Day 298: How Machines Learn Pt. 2

Yesterday I started on a rather convoluted topic, but hopefully if you wrapped your head around what a layer does to the inputs it receives, then today’s post should be easier to understand. Here was the output of the layer from yesterday’s example.

N1N2N3N4N5
Output0.620.4550.9750.180.125

What we’d like to do is pass these values to a new layer. Recall that each layer has neurons with weights and biases, like knobs on a large machine. Passing these values to a new layer would allow even finer control over the effect the network has on the inputs. Deciding how many layers is a whole other topic, but for now we can just assume that two layers will be better than one. In fact, two layers between the first input and the final output is pretty much required for reasons I’ll try to explain right now.

We can’t simply pass these inputs along to a new layer, or to the final output layer. As stated yesterday, the function these neurons apply to their inputs is this:

output = inputs x weights + bias

This is identical to the equation of a line.

y = mx + b

Where the weights determine the slope of the output line (m), and the bias determines the intercept of the line (b). Currently, all our neural network can do is take inputs and turn them into lines. No matter how many layers we stack up on top of each other, the output will always look like a line because all we are doing is multiplying previous inputs by a new slope. Most data in the real world does not have a perfectly linear relationship.

The whole thing is useless! That is, if we leave it as is. To solve this, the linearity of the system must be broken. There needs to be a way to introduce curves or kinks into these lines. What if we could have a neuron or a couple of neurons only define one section of a line? Then we could make a curve that’s just a bunch of tiny line segments. We might then say that some neurons are active for certain inputs. I.E any given neuron can only contribute to the line when we want them to. This is exactly what an activation function achieves.

An activation function sits between layers of neurons and decides which neurons will get to play their part. It’s part of the picture that’s missing from diagrams like these:

In fact I couldn’t find a single diagram that indicates the existence of an activation function between neurons. They’re such an integral part of these networks it’s kinda hard to believe nobody includes them in the diagram.
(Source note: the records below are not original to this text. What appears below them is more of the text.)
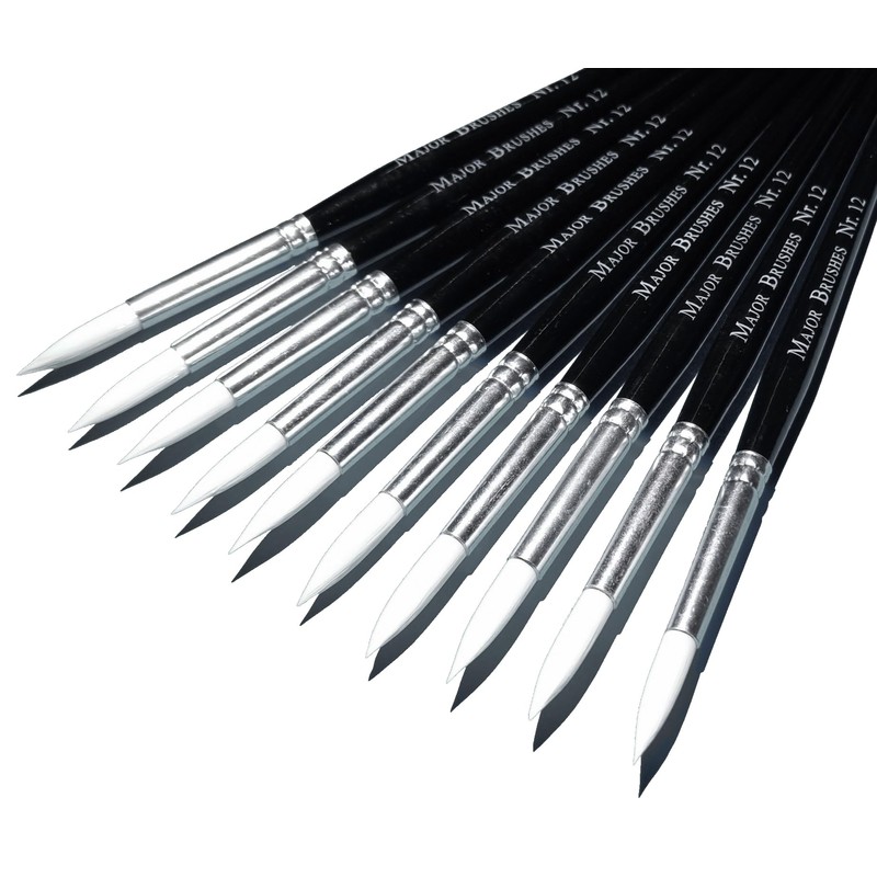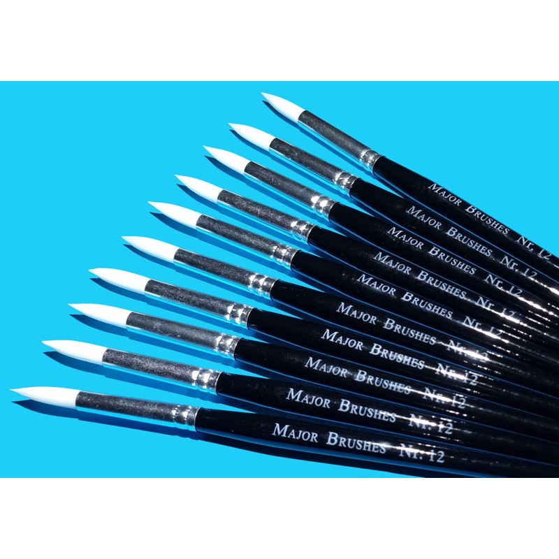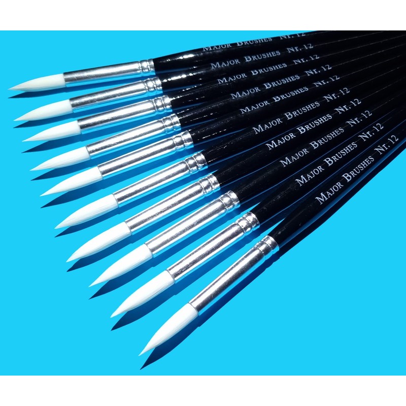 Major Brushes Sable Substitute Size 12 Artist Paint Brushes - Pack of 10
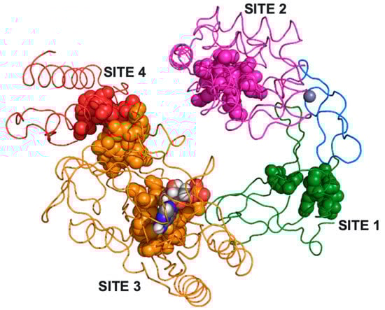 Molecular Operating Environment (MOE, Chemical Computing Group) molecular docking software [] was used to prepare an apo-EC-LigA structure. The bound nicked DNA-adenylated and three nonspecific sulphate ions were removed from the 2OWO [] crystal structure. A protonated and energy minimised apo-EC-LigA was prepared using MOE. The MOE site-finder tool was used to identify solvent-exposed sites with a volume > 5 Å3 within the apo-EC-LigA structure. Thirty-two sites were identified and four were selected as potential inhibitor target sites (Figure 2; Tables S2–S5). Small molecule accessible sites were visualised in PyMOL (Schrodinger Inc.). The functional significance of these four sites was assessed by comparing their amino acid composition and structural location to a series of mutational-mapping studies conducted by the Shuman group [,,,,] (Table S1; Figure S1) in PyMOL.
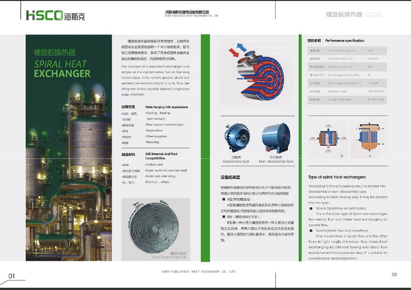 螺旋板式換熱器由兩張或四張金屬板卷制而成,板與板之間焊有定距柱,形成兩條或四條各自完全獨(dú)立的螺旋形通道。由于物料沿螺旋形通道流動(dòng),可以形成較高的湍流度,所以這種換熱器具有傳熱系數(shù)高,物料中的固形物或纖維狀懸浮物不易沉積和堵塞,自清洗能力強(qiáng)等方面的優(yōu)點(diǎn)
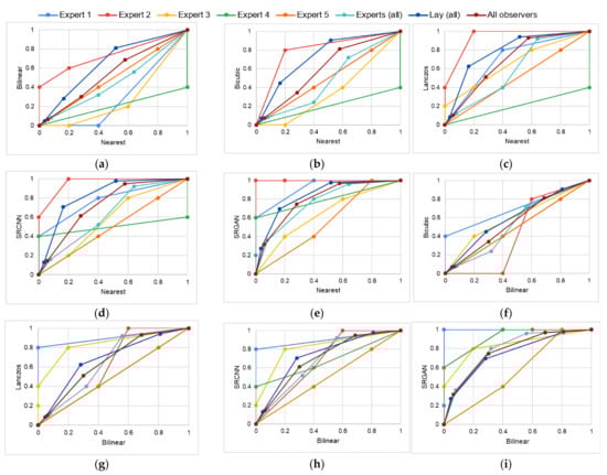 In this work, we considered fifteen MA–MB pairs: nearest–bilinear, nearest–bicubic, nearest–Lanczos, nearest–SRCNN, nearest–SRGAN, bilinear–bicubic, bilinear–Lanczos, bilinear–SRCNN, bilinear–SRGAN, bicubic–Lanczos, bicubic–SRCNN, bicubic–SRGAN, Lanczos–SRCNN, Lanczos–SRGAN, and SRCNN–SRGAN. For each MA–MB pair, a total of eight VGC curves were obtained: one for each expert, one considering the scores assigned by all five experts, one considering the scores assigned by all lay participants, and one considering all participants (experts and lay).

Anyway here’s a visual for how they work.

First we just start with a line. If we take the input and our entire neural network was active at the same time, we’d get something like this:

Those sliders, w1 and b1 determine the slope and position of the line. Those could be just one weight, or they could be every weight and bias added together. If every neuron is always active, all the neurons’ weights and biases will end up multiplied or added to the final output. That’s why we’ll always get a line (or at least, a representation of a linear relationship) without any activation function.

Changing weight:

Changing bias:

Today we’ll be looking at the rectified linear or ReLI activation function. All it does is cut a line off where it’s output is not greater than 0. This is enough to break linearity and allow us to make some more interesting shapes.

This next line is what happens when the activation function is applied it’s active where the original input is between 0 and infinity.

Notice these aren’t completely new lines, I’m taking the output of the previous function and doing new operations to it, just like the neural network will.

Now what if I want a line that’s active only over a constrained area like we talked about before? I need to do a few operations. First I’ll pass the output of the activation function to a new neuron, and use the weight and bias to set some limits.

Then I have to pass this to another activation function.

And there you go, the output is no longer just a single line. I can even reverse this again by applying one last weight to it as it’s accepted by the output neuron to get this.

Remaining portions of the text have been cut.